* [REQUIRED ACTION]:
Begin at the line containing "This long dress" in the entries below and end at the line containing "截至目前,医院外出支援的大部分医务人员已经顺利完成任务安全返回。"; transcribe that range exactly and nothing outside it.

---------- STORED DATA

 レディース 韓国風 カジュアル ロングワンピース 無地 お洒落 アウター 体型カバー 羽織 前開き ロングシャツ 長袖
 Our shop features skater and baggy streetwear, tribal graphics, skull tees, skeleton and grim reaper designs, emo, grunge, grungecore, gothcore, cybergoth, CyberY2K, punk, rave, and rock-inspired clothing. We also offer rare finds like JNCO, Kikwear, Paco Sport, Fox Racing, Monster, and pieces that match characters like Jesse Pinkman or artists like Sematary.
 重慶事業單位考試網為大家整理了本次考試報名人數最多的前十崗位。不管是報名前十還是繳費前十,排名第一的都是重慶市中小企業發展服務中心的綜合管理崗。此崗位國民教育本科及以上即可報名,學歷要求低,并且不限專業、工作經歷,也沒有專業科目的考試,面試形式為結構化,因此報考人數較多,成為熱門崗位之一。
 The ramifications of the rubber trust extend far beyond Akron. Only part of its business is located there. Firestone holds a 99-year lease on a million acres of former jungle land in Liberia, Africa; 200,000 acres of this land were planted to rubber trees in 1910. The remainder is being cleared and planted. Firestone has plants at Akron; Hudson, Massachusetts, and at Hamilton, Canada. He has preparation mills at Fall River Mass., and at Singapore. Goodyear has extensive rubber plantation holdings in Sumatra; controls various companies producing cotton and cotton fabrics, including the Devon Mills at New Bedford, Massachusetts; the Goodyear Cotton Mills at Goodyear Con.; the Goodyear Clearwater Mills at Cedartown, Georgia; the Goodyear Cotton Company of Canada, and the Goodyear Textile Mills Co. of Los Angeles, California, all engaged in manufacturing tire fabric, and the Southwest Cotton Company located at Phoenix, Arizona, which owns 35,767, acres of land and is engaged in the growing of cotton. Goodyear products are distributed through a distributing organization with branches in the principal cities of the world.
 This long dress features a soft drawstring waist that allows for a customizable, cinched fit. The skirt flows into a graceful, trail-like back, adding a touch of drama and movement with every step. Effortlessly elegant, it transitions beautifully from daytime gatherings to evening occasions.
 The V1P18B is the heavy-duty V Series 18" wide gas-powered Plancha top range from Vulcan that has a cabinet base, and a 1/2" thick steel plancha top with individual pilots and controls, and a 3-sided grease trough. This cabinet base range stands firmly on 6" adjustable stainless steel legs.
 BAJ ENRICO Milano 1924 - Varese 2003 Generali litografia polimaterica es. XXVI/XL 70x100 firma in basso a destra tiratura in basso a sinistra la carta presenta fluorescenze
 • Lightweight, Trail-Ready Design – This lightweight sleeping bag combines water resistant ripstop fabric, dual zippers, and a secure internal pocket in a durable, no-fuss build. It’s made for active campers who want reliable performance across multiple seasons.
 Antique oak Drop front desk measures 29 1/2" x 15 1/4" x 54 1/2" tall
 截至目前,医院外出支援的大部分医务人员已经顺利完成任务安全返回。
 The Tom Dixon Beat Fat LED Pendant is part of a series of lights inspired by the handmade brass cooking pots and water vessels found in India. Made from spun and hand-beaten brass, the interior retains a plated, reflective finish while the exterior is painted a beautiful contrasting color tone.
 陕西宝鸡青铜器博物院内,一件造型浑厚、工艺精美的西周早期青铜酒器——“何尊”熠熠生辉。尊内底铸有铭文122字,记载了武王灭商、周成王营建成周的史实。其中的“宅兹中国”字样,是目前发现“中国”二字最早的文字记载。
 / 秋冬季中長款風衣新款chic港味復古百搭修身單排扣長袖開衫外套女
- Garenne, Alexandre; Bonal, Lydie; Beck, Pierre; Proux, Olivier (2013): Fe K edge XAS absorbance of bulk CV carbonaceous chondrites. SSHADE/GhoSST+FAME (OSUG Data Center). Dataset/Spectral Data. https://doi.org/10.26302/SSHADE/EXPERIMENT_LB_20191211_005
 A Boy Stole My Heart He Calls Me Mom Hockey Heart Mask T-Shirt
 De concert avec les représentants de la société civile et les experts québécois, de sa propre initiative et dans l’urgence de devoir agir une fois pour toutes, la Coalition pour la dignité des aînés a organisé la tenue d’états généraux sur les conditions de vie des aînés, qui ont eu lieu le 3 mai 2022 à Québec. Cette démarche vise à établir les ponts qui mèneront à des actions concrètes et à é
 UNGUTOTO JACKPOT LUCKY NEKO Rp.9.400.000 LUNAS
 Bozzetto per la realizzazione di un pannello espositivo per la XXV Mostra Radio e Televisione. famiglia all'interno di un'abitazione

--------------------

* [OUTPUT OF THE EXERCISE]:
 This long dress features a soft drawstring waist that allows for a customizable, cinched fit. The skirt flows into a graceful, trail-like back, adding a touch of drama and movement with every step. Effortlessly elegant, it transitions beautifully from daytime gatherings to evening occasions.
 The V1P18B is the heavy-duty V Series 18" wide gas-powered Plancha top range from Vulcan that has a cabinet base, and a 1/2" thick steel plancha top with individual pilots and controls, and a 3-sided grease trough. This cabinet base range stands firmly on 6" adjustable stainless steel legs.
 BAJ ENRICO Milano 1924 - Varese 2003 Generali litografia polimaterica es. XXVI/XL 70x100 firma in basso a destra tiratura in basso a sinistra la carta presenta fluorescenze
 • Lightweight, Trail-Ready Design – This lightweight sleeping bag combines water resistant ripstop fabric, dual zippers, and a secure internal pocket in a durable, no-fuss build. It’s made for active campers who want reliable performance across multiple seasons.
 Antique oak Drop front desk measures 29 1/2" x 15 1/4" x 54 1/2" tall
 截至目前,医院外出支援的大部分医务人员已经顺利完成任务安全返回。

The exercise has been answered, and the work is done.